Last updated 22 Mar 2021

The main types of depositional landforms are summarised below:

  • Moraines – these are composed of rocky debris that has been removed from the valley sides and floor by weathering and erosion and carried downhill by glaciers. There are a number of different forms of moraine:
    • Terminal moraine – a crescent shaped mound or ridge of moraine found at the snout of the glacier and which represents the furthest advance of the ice. It marks the point at which the snout remained fixed for some time while continuing movement of fresh ice and debris down the mountain was continuously exposed at this point of terminal ablation to accumulate into a considerable body of material.
    • Push moraine – when an advancing glacier pushes a pile of previously deposited glacial material into a linear ridge. These are found in areas where fluctuating climate has resulted in glacial advance followed by retreat and then advance again.
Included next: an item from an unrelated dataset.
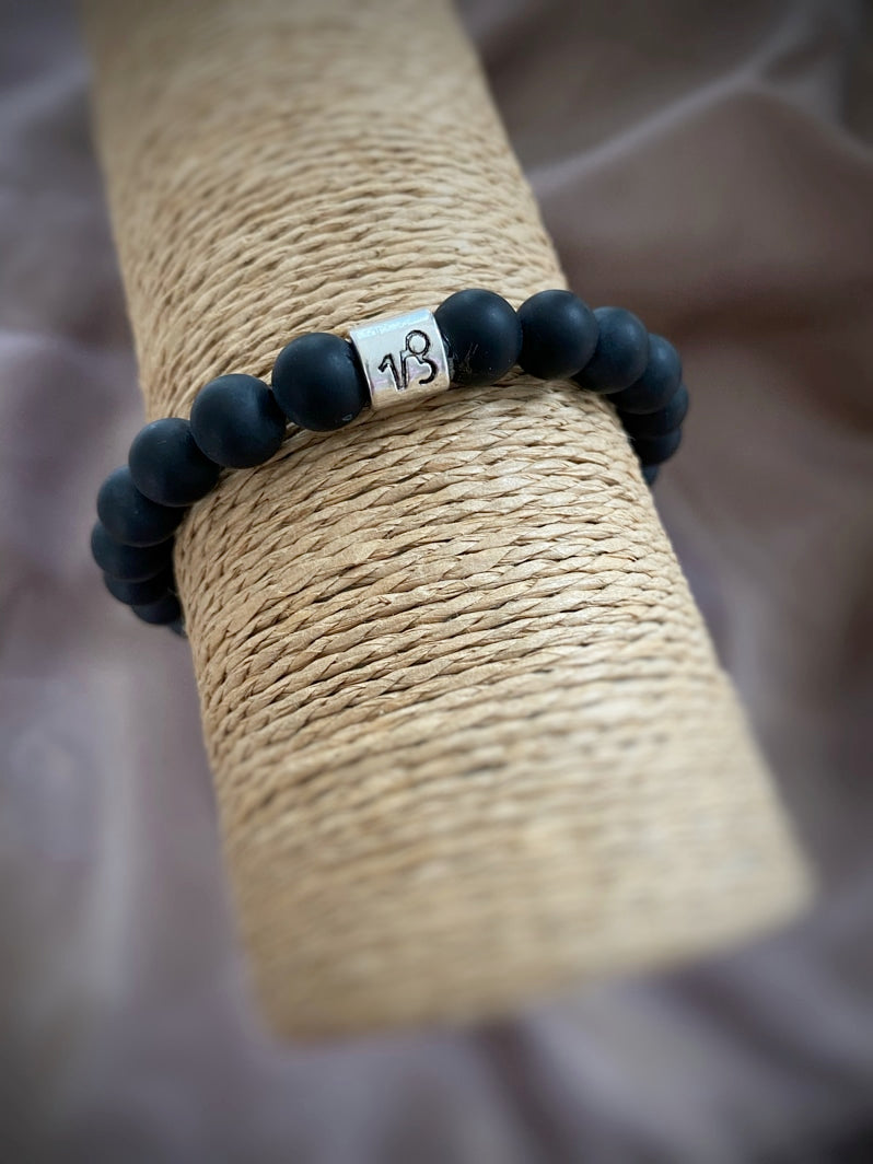 Perlen: Matter Onyx, 8mm und silberfarbene Metall-Kaschierperle mit Zodiac-Zeichen Steinbock/Capricorn (22. Dezember - 19. Januar)

    • Lateral moraine – moraine running along the edge of the glacier where it meets the valley side. These develop from the accumulation of frost-shattered rock debris falling from valley sides and accumulating at the base of the rock face on the surface of the glacier. When the ice melts the material forms accumulations of unsorted rock debris in a linear slump against the valley sides.
    • Medial moraine – when two glaciers meet the lateral moraines of the adjacent glaciers merge and extend down the middle of the enlarged glacier. When the ice melts the unsorted rock debris is left as a ridge down the middle of the once-glaciated valley.
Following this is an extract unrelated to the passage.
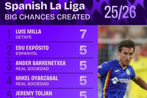 上一篇: 西甲参与进球次数排行:姆巴佩居首 维尼修斯第二、小蜘蛛第四
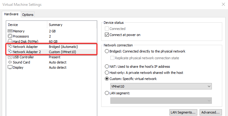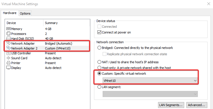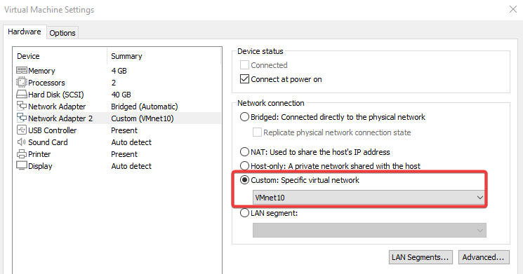 Crearemos una nueva máquina virtual Windows 10 y le añadiremos un adaptador Custom para que se pueda conectar con el servidor.

    • Recessional moraine – these are similar to terminal moraine, however rather than being located at the furthest advance of the glacier they form where the glacier snout remained at the same point for sufficient time to accumulate a significant mound of debris as ice (and debris) flow continued to arrive here before melting. This then resides across the valley as the glacier retreats.
  • Drumlins – large hill-sized oval mounds caused by glaciers dropping their basal debris load as a result of friction between the ice and the underlying geology. As the glacier continues to advance around the mound of deposited material they are narrowed and straightened. They are typically found in clusters, known as ‘drumlin swarms’ with the blunter end (stoss) facing the direction from which the ice advanced and a tapering end (lee) in the direction the ice was going. The interior composition of drumlins varies; some have unsorted cores of silts, sands and boulders. Others have fluvial deposits indicating that some may have been formed by fluvioglacial processes rather than simply glacial deposition.
  • Erratics – these are rock fragments and boulders that differ from the local geology. They are transported within the glacier and deposited on top of different geology when the glacier melts and retreats.
  • Till plains – when a large section of ice detaches from the main body of the glacier and melts, the suspended debris will be deposited and form a large plain of unsorted till.

There are other features associated with glacial erosion and deposition, but they are the consequence of the action of flowing meltwater rather than the main body of solid ice, and are known as fluvioglacial landforms and are covered in the related content sheet.